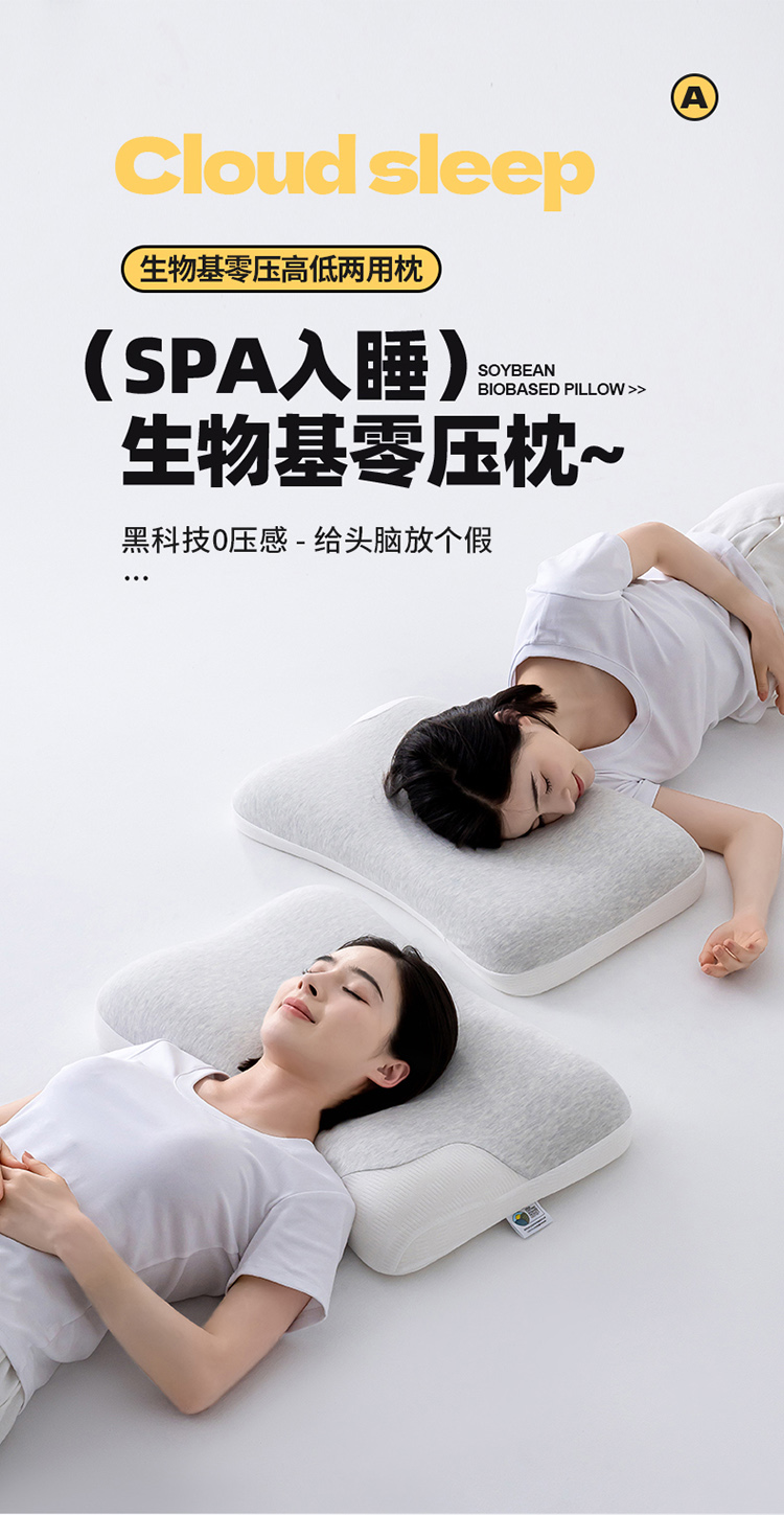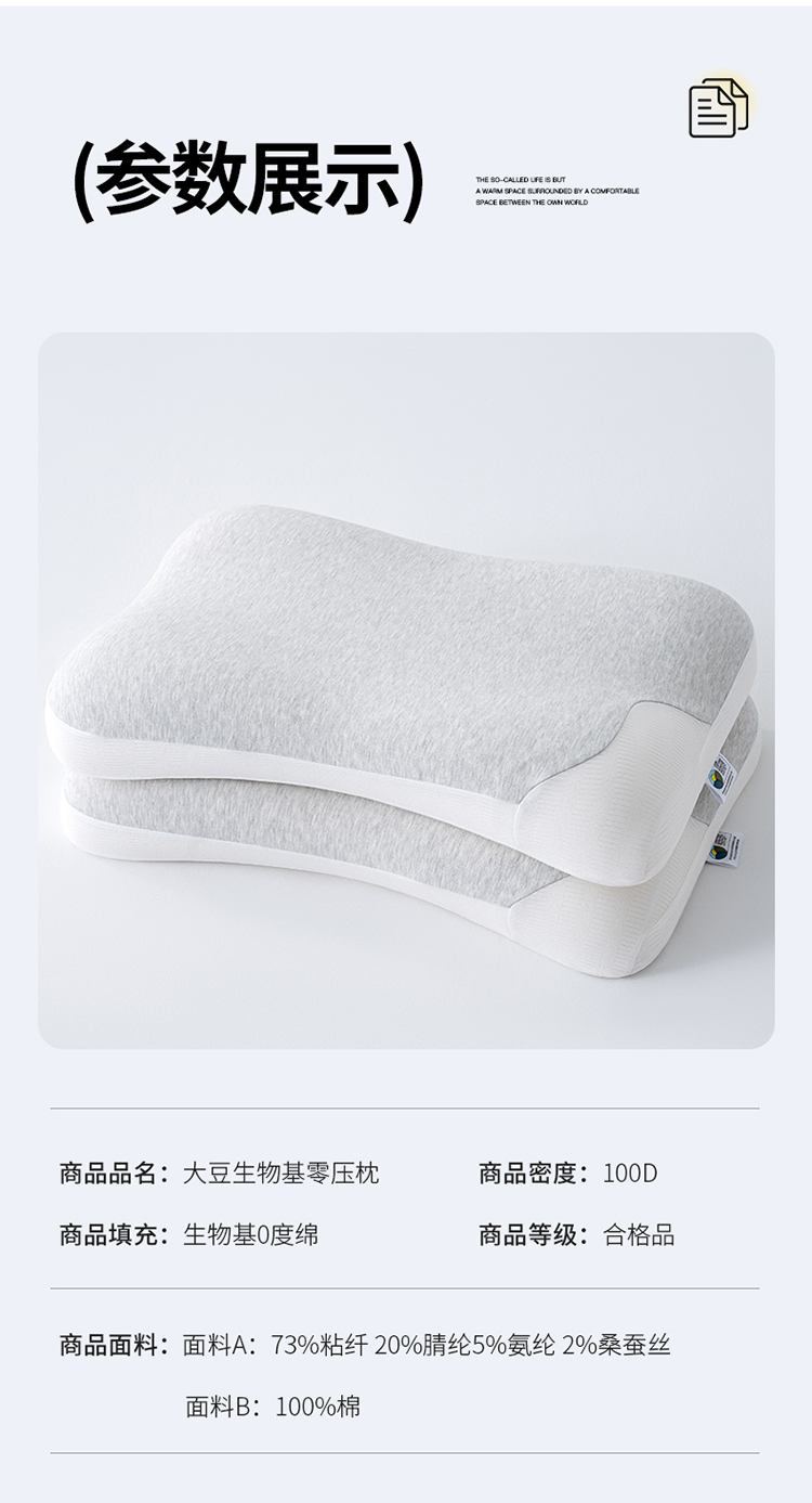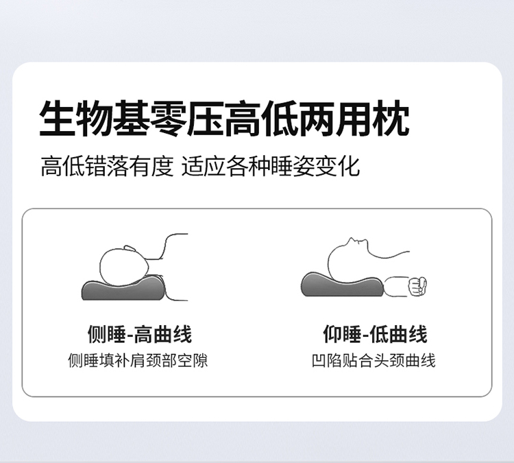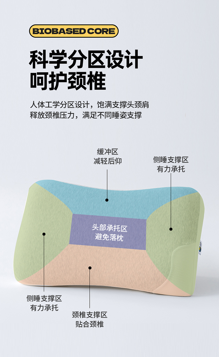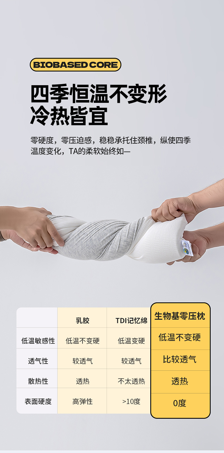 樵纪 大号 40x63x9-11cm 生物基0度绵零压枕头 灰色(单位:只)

==

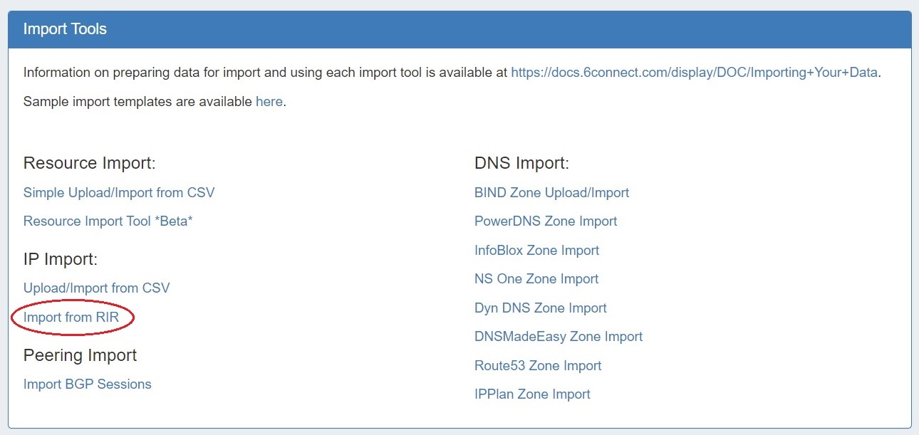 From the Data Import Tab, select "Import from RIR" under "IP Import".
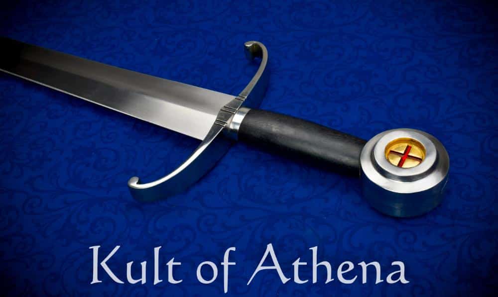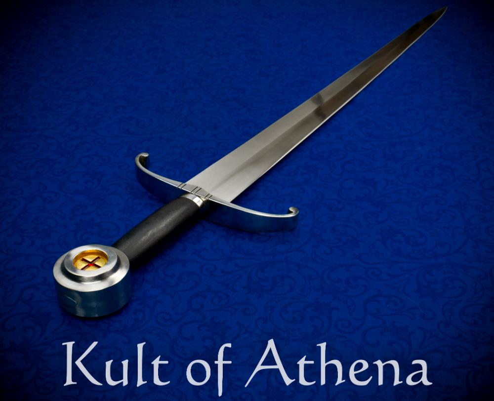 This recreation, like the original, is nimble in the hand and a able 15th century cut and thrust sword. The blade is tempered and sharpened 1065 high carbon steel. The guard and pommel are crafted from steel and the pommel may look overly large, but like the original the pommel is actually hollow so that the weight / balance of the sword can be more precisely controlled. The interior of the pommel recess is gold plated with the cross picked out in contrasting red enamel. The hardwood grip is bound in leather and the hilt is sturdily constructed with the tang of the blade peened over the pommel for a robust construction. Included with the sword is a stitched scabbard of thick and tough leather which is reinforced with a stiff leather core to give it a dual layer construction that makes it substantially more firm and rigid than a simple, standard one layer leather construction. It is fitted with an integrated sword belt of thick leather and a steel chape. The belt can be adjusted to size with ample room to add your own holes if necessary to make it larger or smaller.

■ EXERCISE
Using the records above, print exactly the lines between the ones containing "From the Data" and "This recreation, like", inclusive, and nothing else; no pictures.

■ TASK RESULT
 From the Data Import Tab, select "Import from RIR" under "IP Import".
 This recreation, like the original, is nimble in the hand and a able 15th century cut and thrust sword. The blade is tempered and sharpened 1065 high carbon steel. The guard and pommel are crafted from steel and the pommel may look overly large, but like the original the pommel is actually hollow so that the weight / balance of the sword can be more precisely controlled. The interior of the pommel recess is gold plated with the cross picked out in contrasting red enamel. The hardwood grip is bound in leather and the hilt is sturdily constructed with the tang of the blade peened over the pommel for a robust construction. Included with the sword is a stitched scabbard of thick and tough leather which is reinforced with a stiff leather core to give it a dual layer construction that makes it substantially more firm and rigid than a simple, standard one layer leather construction. It is fitted with an integrated sword belt of thick leather and a steel chape. The belt can be adjusted to size with ample room to add your own holes if necessary to make it larger or smaller.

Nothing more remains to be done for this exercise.